I used to wear nail polish regularly, my subtle way of letting people know I was a little fruity. It was an act of kindness to save strangers from their embarrassment, in reaction to their own discomfort, of not being absolutely certain of my sexual preference. But then nail polish was co-opted by the heterosexual feminist fuckboy. The guy strategically sitting in the place of highest visibility in a busy pub, peering over the top of a pristine copy of “The Bell Jar” which he grips with olive green painted nails. Thus ended my relationship with nail polish. 

What once I had discarded because it was no longer a useful distinguisher, was now conversely terrifying me in part because of its property to do exactly that, single me out. I am hopping on a train at midday to spend my day exploring the pubs of Derby. I’ve put on a Williams Rothmans F1 Jacket from 1994, that I hope will ingratiate me to the old boys one expects to populate boozers on a Tuesday early afternoon. The rest of my outfit is very plain, some blue jeans (not too skinny or baggy) and a pair of new balance trainers. It’s a carefully curated costume that I hope will help me slink in and out of boozers all day with minimum fuss, even if my still sparkling nails feel like a glimmering chink in my armour.

When did I relearn this shame? Not too many years ago I would happily stride into a pub in tiny red hot pants and a pair of glittery pink doc martens. Is my sense of foreboding a sign of regression in my development of self, or a terrifying reflection of the direction British societal attitudes have taken in the last decade or so? Am I myself guilty of exhibiting prejudice in my assumption of homophobia from men of a certain age, or that pubs are a space primarily dominated by such men? There is a thin line between this ‘prejudice’ and genuine self-defence and I despise myself for towing it. 

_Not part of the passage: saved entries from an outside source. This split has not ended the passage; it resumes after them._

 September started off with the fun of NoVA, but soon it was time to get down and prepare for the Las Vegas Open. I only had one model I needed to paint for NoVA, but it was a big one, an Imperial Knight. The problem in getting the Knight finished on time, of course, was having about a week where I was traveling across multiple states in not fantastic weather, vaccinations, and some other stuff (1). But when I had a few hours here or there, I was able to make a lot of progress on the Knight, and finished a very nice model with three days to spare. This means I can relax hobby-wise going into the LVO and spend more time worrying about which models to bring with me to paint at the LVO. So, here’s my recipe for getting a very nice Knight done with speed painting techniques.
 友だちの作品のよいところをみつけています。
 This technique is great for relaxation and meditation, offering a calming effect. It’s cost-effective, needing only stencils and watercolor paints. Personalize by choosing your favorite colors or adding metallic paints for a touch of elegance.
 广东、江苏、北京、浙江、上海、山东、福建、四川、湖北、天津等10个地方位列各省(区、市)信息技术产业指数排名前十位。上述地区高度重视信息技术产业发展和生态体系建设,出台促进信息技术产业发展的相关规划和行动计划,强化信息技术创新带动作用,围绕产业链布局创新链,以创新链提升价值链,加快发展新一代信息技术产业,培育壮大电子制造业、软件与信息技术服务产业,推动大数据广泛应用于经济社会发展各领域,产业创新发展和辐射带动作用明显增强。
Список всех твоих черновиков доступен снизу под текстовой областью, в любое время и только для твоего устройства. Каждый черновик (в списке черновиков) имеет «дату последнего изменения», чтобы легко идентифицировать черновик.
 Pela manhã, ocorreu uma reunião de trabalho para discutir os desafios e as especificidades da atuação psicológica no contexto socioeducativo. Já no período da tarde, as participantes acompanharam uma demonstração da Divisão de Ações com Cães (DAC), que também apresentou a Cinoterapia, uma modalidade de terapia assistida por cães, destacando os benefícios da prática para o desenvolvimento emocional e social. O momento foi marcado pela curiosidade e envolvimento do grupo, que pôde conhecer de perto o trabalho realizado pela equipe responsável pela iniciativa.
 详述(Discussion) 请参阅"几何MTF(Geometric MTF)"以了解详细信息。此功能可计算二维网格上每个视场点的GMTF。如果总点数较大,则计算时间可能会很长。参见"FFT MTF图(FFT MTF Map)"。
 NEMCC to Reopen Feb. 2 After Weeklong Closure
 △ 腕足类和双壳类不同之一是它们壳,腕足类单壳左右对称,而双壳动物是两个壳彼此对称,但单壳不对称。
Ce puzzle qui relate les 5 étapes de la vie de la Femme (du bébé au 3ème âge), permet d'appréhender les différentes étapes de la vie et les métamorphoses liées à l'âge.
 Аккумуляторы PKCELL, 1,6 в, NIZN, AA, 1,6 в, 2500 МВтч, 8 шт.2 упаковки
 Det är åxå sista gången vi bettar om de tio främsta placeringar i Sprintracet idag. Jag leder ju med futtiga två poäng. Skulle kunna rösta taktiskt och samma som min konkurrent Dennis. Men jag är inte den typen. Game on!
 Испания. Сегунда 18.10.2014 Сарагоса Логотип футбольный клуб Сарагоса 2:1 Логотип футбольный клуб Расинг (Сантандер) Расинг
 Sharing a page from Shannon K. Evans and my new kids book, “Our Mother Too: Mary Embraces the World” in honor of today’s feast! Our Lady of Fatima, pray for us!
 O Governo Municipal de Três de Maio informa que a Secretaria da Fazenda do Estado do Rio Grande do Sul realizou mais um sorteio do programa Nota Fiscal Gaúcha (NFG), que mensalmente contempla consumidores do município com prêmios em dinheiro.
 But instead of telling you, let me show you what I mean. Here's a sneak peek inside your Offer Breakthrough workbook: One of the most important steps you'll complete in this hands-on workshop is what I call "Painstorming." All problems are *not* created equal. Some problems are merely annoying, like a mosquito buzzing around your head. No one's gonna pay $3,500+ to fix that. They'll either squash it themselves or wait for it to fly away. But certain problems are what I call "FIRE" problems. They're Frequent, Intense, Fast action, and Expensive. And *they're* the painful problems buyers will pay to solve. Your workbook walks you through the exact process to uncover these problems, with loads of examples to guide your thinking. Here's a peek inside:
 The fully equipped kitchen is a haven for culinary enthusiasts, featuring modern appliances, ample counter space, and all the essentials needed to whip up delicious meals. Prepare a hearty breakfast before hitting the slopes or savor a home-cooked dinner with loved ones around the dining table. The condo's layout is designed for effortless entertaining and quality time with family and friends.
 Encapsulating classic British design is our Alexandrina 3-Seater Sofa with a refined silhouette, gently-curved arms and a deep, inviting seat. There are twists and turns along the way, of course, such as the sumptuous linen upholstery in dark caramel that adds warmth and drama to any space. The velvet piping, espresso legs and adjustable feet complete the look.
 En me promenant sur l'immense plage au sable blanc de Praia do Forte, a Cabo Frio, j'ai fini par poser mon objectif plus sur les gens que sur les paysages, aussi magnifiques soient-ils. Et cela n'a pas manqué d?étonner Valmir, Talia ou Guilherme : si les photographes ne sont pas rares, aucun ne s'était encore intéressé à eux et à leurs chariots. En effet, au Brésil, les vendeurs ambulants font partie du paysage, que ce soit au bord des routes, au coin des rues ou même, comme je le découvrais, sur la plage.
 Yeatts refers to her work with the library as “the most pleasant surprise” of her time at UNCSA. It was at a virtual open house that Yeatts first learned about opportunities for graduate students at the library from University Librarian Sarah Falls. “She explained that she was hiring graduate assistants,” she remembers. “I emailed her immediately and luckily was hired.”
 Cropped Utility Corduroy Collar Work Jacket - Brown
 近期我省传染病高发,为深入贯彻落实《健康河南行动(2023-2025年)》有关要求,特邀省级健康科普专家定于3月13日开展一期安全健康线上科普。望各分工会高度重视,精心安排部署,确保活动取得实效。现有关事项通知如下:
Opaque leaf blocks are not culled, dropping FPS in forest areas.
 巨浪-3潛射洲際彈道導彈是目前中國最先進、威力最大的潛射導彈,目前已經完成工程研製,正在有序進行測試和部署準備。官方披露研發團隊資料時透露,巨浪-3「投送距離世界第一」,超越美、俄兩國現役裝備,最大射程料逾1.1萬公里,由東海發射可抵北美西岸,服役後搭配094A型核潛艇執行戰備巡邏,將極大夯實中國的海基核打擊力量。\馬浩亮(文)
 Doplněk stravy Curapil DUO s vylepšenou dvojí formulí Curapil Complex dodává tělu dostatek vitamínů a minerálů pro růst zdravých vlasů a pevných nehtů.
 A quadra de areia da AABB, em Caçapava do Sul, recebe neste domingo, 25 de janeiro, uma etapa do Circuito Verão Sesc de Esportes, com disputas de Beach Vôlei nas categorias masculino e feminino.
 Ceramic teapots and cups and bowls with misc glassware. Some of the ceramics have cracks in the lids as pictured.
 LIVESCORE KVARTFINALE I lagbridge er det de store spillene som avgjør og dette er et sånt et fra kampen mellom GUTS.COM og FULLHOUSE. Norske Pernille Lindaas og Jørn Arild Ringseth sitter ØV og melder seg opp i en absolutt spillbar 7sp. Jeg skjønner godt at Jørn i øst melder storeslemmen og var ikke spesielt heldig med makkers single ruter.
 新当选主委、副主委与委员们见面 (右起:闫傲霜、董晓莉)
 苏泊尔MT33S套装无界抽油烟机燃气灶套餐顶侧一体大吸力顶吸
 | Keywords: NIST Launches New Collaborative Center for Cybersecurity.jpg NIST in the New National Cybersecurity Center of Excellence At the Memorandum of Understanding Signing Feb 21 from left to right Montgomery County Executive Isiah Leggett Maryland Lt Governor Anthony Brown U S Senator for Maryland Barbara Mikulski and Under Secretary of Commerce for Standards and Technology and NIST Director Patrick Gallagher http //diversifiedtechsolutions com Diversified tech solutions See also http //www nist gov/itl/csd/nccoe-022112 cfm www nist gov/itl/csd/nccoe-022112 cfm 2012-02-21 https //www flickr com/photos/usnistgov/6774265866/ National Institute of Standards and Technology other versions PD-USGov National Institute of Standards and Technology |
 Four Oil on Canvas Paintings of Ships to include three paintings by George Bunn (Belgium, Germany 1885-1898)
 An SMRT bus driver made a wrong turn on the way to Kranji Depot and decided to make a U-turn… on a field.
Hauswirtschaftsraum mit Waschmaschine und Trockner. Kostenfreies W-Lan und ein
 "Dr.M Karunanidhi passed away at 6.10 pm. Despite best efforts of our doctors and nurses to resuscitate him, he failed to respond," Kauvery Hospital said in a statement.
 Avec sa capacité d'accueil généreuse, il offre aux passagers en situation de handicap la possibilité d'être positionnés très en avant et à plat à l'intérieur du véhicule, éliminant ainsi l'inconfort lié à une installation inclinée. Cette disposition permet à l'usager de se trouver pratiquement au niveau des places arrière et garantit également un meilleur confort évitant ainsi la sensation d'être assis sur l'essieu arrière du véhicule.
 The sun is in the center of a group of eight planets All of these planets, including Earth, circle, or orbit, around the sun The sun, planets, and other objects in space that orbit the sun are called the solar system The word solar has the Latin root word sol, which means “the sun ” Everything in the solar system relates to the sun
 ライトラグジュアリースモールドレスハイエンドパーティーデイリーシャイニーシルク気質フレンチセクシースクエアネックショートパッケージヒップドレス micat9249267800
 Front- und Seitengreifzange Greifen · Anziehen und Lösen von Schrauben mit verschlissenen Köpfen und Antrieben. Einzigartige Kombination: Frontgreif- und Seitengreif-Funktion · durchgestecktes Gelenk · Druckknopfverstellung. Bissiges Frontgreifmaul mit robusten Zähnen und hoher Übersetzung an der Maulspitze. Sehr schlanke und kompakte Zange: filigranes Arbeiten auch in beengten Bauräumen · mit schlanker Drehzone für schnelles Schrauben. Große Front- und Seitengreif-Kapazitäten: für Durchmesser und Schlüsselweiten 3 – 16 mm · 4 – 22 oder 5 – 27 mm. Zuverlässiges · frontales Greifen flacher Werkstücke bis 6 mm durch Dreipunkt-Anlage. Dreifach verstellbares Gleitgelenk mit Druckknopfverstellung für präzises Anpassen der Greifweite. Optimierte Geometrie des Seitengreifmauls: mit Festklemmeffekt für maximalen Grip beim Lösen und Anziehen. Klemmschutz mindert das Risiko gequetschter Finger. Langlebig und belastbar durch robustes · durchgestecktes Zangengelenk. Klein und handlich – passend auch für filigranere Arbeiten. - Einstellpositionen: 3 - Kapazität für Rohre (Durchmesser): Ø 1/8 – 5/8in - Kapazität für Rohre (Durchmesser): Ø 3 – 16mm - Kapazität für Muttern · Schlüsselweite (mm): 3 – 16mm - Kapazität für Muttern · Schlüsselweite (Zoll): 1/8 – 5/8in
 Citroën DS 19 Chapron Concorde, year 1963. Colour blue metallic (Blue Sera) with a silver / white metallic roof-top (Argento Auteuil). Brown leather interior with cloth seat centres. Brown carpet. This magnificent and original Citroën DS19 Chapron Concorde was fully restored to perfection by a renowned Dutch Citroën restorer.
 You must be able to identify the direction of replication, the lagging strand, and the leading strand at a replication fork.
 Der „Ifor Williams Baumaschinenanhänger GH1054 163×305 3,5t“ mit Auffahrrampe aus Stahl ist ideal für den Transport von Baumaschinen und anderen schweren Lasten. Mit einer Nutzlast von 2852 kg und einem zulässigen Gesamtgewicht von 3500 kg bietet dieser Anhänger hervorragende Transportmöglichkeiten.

In my role as The Bartender I subconsciously adjust my performance of gendered behaviours to the wants of the customer. I camp up to Judie because she comes in alone and my camping reminds her of her hairdresser and that makes her feel safe. I deepen my voice slightly to talk to Tim about football, so that my superior knowledge on the matter doesn’t threaten his own sense of masculinity. This all comes naturally after years of being on the stage of the bar. It’s a kind of drag except the gendered behaviours I’m performing occur on a sliding scale, depending on the audience, or more likely my perception of said audience. 

Does my aching to remove the sparkle on my nails express the shifting sands of societal tolerance, or an utter loss of self? Have I spent so long morphing between slightly altered versions of myself that I am no longer certain of where the truth lies?

I have spent 10 years front of house, disassembling and reconstructing myself, amplifying and surpressing certain aspects of my identity as each individual situation (and customer) requires. In my wake I litter traits either purposefully discarded, or forgotten. In my path lies a breadcrumb trail of new characteristics, some more desirable than others. In my darkest moments I feel as though the longer my journey continues, the more desirable breadcrumbs become fewer and further between, whilst the parts of myself that I admire are becoming harder to hold on to.

It’s natural of course for people to evolve over time, for pieces of our identity to shift in response to changes in circumstances, and the people we surround ourselves with. But what happens when pieces of your identity are fabrications, things you have acquired not because of your own personal evolution, but because you are required to adopt them temporarily to serve and please others? When you are swapping these pieces in and out tens of times a day for years on end, in the moments you have in which to catch your breath, how is it possible to remember which parts of you are real and which are affectations? I am my very own ship of Theseus, eyes fixed firmly on the horizon, never looking down at the water upon which I sail lest I catch a glimpse of a reflection that I no longer recognise; a reflection that has lost its sparkle.